*** Opening of The input ***

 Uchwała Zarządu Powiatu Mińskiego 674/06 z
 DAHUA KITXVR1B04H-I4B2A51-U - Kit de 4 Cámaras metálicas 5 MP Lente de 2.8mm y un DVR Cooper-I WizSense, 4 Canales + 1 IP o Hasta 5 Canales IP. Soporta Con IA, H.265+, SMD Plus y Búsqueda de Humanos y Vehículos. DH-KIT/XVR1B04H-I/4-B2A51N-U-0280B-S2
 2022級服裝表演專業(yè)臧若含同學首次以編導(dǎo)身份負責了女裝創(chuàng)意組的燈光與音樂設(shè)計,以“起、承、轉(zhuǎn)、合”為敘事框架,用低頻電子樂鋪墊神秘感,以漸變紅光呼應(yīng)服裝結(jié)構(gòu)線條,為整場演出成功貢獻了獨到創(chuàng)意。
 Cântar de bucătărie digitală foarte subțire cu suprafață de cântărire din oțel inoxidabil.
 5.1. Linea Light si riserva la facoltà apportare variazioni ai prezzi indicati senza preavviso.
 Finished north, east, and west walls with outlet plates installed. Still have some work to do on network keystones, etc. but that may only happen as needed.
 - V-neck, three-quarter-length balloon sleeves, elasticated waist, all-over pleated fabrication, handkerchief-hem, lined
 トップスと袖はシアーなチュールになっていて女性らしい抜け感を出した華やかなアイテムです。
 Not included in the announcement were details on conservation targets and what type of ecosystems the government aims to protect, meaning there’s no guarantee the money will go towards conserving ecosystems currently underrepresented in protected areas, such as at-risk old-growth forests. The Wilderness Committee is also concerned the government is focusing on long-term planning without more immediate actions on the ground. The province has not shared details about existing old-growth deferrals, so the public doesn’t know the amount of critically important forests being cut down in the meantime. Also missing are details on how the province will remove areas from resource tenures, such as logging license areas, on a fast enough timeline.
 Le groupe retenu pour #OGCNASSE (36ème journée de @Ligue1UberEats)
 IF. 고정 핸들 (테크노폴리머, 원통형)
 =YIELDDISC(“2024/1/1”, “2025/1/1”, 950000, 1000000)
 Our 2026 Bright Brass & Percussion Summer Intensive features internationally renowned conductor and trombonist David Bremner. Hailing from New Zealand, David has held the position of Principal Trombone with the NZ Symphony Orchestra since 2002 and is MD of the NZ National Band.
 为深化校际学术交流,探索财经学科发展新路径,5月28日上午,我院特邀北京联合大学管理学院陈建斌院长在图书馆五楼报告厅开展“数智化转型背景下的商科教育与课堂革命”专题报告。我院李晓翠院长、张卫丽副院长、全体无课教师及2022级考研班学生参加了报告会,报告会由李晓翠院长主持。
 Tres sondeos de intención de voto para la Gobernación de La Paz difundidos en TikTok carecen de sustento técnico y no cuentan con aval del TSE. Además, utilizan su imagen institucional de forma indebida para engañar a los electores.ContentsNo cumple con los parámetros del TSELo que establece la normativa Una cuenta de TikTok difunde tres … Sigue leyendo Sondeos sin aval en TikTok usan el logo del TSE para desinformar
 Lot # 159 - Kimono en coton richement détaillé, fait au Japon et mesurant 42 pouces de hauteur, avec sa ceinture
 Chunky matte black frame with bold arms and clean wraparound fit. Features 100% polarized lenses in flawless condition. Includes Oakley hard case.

*** Close of The input ***

The answer must reproduce every record exactly.

 Uchwała Zarządu Powiatu Mińskiego 674/06 z
 DAHUA KITXVR1B04H-I4B2A51-U - Kit de 4 Cámaras metálicas 5 MP Lente de 2.8mm y un DVR Cooper-I WizSense, 4 Canales + 1 IP o Hasta 5 Canales IP. Soporta Con IA, H.265+, SMD Plus y Búsqueda de Humanos y Vehículos. DH-KIT/XVR1B04H-I/4-B2A51N-U-0280B-S2
 2022級服裝表演專業(yè)臧若含同學首次以編導(dǎo)身份負責了女裝創(chuàng)意組的燈光與音樂設(shè)計,以“起、承、轉(zhuǎn)、合”為敘事框架,用低頻電子樂鋪墊神秘感,以漸變紅光呼應(yīng)服裝結(jié)構(gòu)線條,為整場演出成功貢獻了獨到創(chuàng)意。
 Cântar de bucătărie digitală foarte subțire cu suprafață de cântărire din oțel inoxidabil.
 5.1. Linea Light si riserva la facoltà apportare variazioni ai prezzi indicati senza preavviso.
 Finished north, east, and west walls with outlet plates installed. Still have some work to do on network keystones, etc. but that may only happen as needed.
 - V-neck, three-quarter-length balloon sleeves, elasticated waist, all-over pleated fabrication, handkerchief-hem, lined
 トップスと袖はシアーなチュールになっていて女性らしい抜け感を出した華やかなアイテムです。
 Not included in the announcement were details on conservation targets and what type of ecosystems the government aims to protect, meaning there’s no guarantee the money will go towards conserving ecosystems currently underrepresented in protected areas, such as at-risk old-growth forests. The Wilderness Committee is also concerned the government is focusing on long-term planning without more immediate actions on the ground. The province has not shared details about existing old-growth deferrals, so the public doesn’t know the amount of critically important forests being cut down in the meantime. Also missing are details on how the province will remove areas from resource tenures, such as logging license areas, on a fast enough timeline.
 Le groupe retenu pour #OGCNASSE (36ème journée de @Ligue1UberEats)
 IF. 고정 핸들 (테크노폴리머, 원통형)
 =YIELDDISC(“2024/1/1”, “2025/1/1”, 950000, 1000000)
 Our 2026 Bright Brass & Percussion Summer Intensive features internationally renowned conductor and trombonist David Bremner. Hailing from New Zealand, David has held the position of Principal Trombone with the NZ Symphony Orchestra since 2002 and is MD of the NZ National Band.
 为深化校际学术交流,探索财经学科发展新路径,5月28日上午,我院特邀北京联合大学管理学院陈建斌院长在图书馆五楼报告厅开展“数智化转型背景下的商科教育与课堂革命”专题报告。我院李晓翠院长、张卫丽副院长、全体无课教师及2022级考研班学生参加了报告会,报告会由李晓翠院长主持。
 Tres sondeos de intención de voto para la Gobernación de La Paz difundidos en TikTok carecen de sustento técnico y no cuentan con aval del TSE. Además, utilizan su imagen institucional de forma indebida para engañar a los electores.ContentsNo cumple con los parámetros del TSELo que establece la normativa Una cuenta de TikTok difunde tres … Sigue leyendo Sondeos sin aval en TikTok usan el logo del TSE para desinformar
 Lot # 159 - Kimono en coton richement détaillé, fait au Japon et mesurant 42 pouces de hauteur, avec sa ceinture
 Chunky matte black frame with bold arms and clean wraparound fit. Features 100% polarized lenses in flawless condition. Includes Oakley hard case.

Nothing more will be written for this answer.